Кроуз, положив рукопись на колени, задумался. А этот Ся-Бо, оказывается, философ. Только как он, чёрт возьми, умудрялся всегда выигрывать? В желудке инспектора засосало, а потом заурчало, хотелось чего-нибудь срочно съесть, но он заставил себя искать английские фрагменты дальше. Через несколько страниц, не замедлил обнаружиться следующий:

"… Прикасаясь к страницам какой-то тайной книги, ещё великий Сунь-Лу, придумавший игру "Камень-Ножницы-Бумага", указывал на то, что только наивный простак может подумать, что все они равноценны. Казалось бы, ножницы тупятся о камень и проигрывают, но разрезают бумагу и выигрывают. В свою очередь, камень проигрывает бумаге. Вся суть этой мудрой игры основана на парадоксе математической логики: N>B, B>K, но K>N! Где, N – ножницы, B – бумага, а K – камень. Но ведь в данной игре, игроки оперируют не числами, а ставками на выигрыш! Если бы сделанная ставка могла победить любую другую, результат был бы случаен, а игра потеряла бы всякий смысл. Но заметьте, Бумага никогда не побеждает Ножницы, а Ножницы никогда не побеждают Камень, а Камень всегда проигрывает Бумаге.
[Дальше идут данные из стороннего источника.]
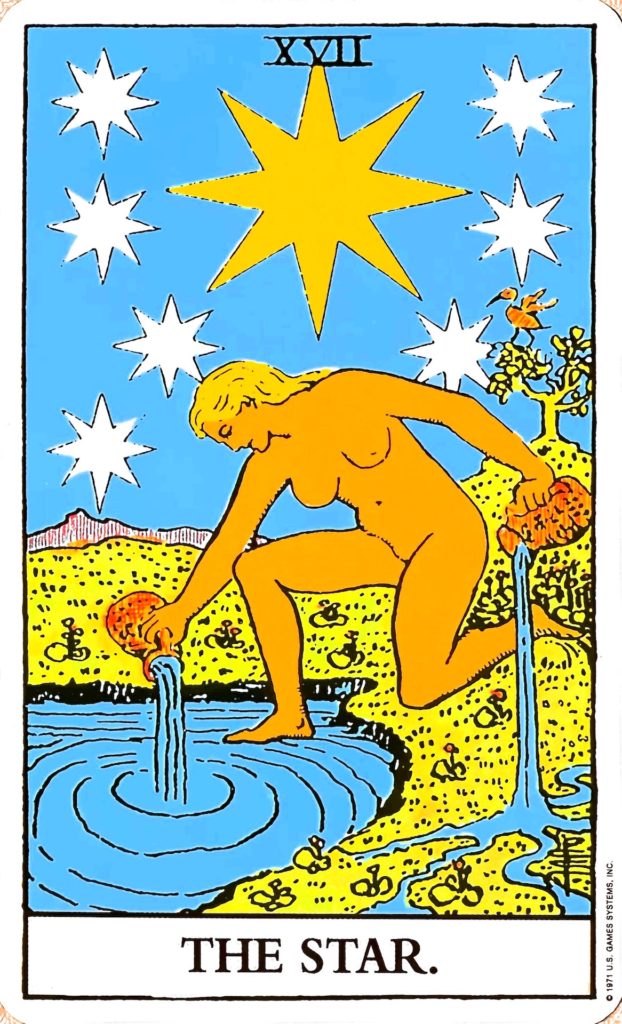 希望のカードです。隠された能力を活かすことも意味します。裸の女性は、左足を大地に、右足を水につけています。大地は現実世界や顕在意識を、水は感情や潜在意識を表します。両手に持った水瓶で大地と水に生命の水を注いでいて、大地に流れる5本の水の流れは五感を表しています。大きな星と小さな7つの星は8芒星になっていて、8芒星は宇宙からのエネルギーを表しています。背景に描かれている木にとまっている鳥は鴇(トキ)で、再生する鳥という意味合いから希望を表し、エジプト神話の知識の神トートであると言われています。
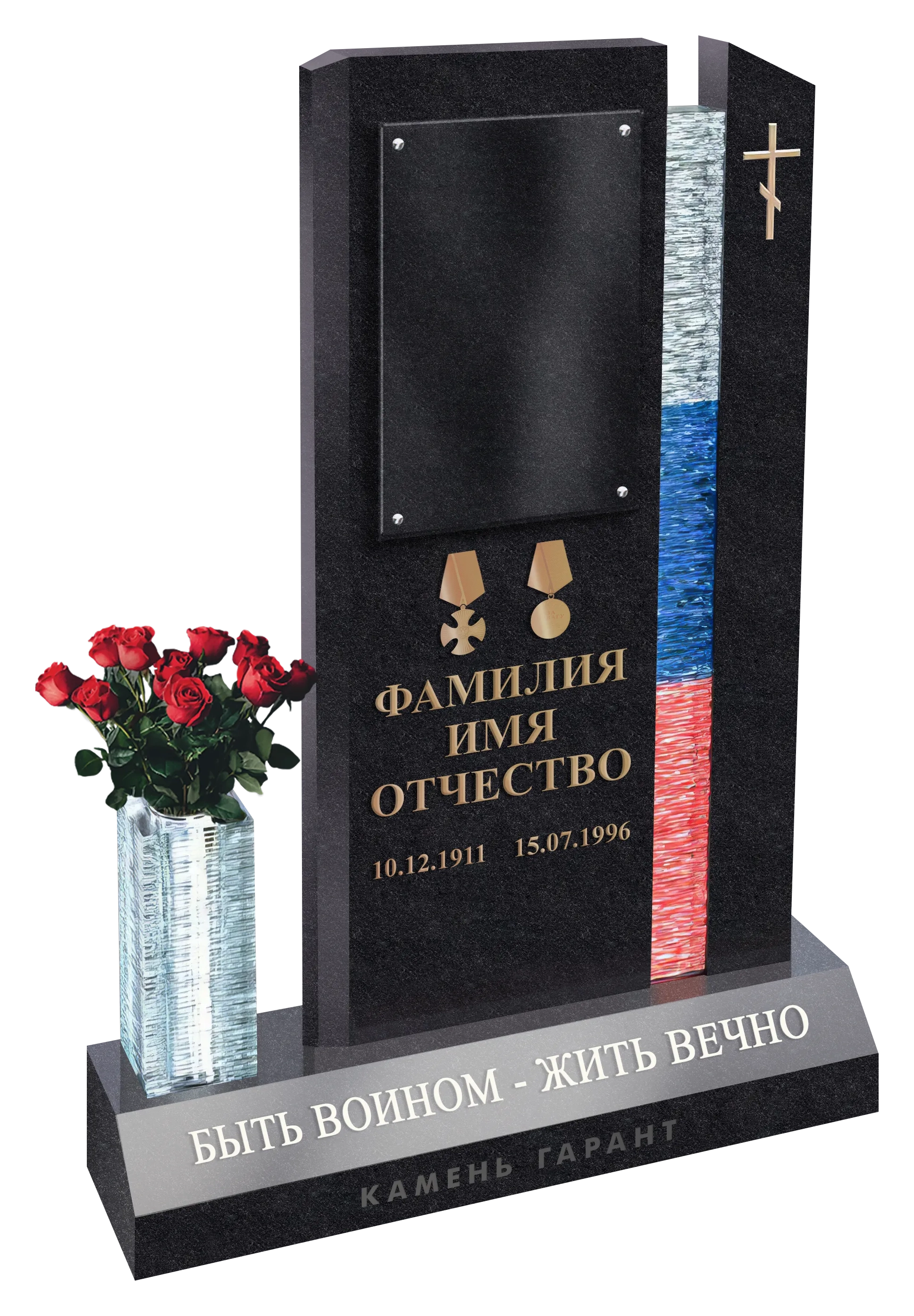 Памятник из гранита со стеклом Вечная память с вазой осветленной Прямая

Но разве сами эти ставки делаются случайно? В том-то и дело, что нет! Внимательно наблюдая за новичками игры, Сунь-Лу заметил, что они, в подавляющем большинстве случаев, выбрасывают камень. Так же поступает и большинство женщин. Ставка на выигрыш делается, исходя из специфического эмоционального состояния. Камень кажется чем-то твёрдым, надёжным, защитой, о которую затупятся любые агрессивные и острые ножницы, рвущиеся в дамки. Здесь мы имеем дело с игровой стратегией "не проиграть", которая, однако, далеко не всегда ведёт к выигрышу.

Зная это предпочтение новичков, более опытные игроки выбрасывают Бумагу, ожидая психологически более вероятного Камня, при этом Ножницы их не страшат. Во-первых, потому что новички предпочитают Камень, а, во-вторых, потому что Ножницы – это смелый, агрессивный выброс, на который способны только люди, склонные к риску, авантюре, не боящиеся наткнуться на каменную стену и расшибить себе лоб, а таких немного. Но побеждает тот, пишет Сунь-Лу, кто решается выбросить ножницы более 3-х раз подряд!

На выброс одной и той же ставки более 2-х раз подряд вообще идут лишь единицы – особо настойчивые и упорные люди, склонные к активной жизненной позиции и привыкшие, как говорят, "добиваться своего". В то же время, мой личный опыт показывает, что если настойчивость и активность игрока перерастает в упрямство, то это так же не ведёт к выигрышу. Те игроки, которые начинают бесконечно выбрасывать ножницы, быстро становятся предсказуемыми для своих соперников. Я бы порекомендовал выбрасывать Ножницы, Камень и Бумагу в знаменитой пропорции Фибоначчи 3:2:1. Конечно, не строго подряд, а в среднем – на 3 выброса Ножниц должно приходиться 2 выброса Бумаги и всего 1 выброс Камня.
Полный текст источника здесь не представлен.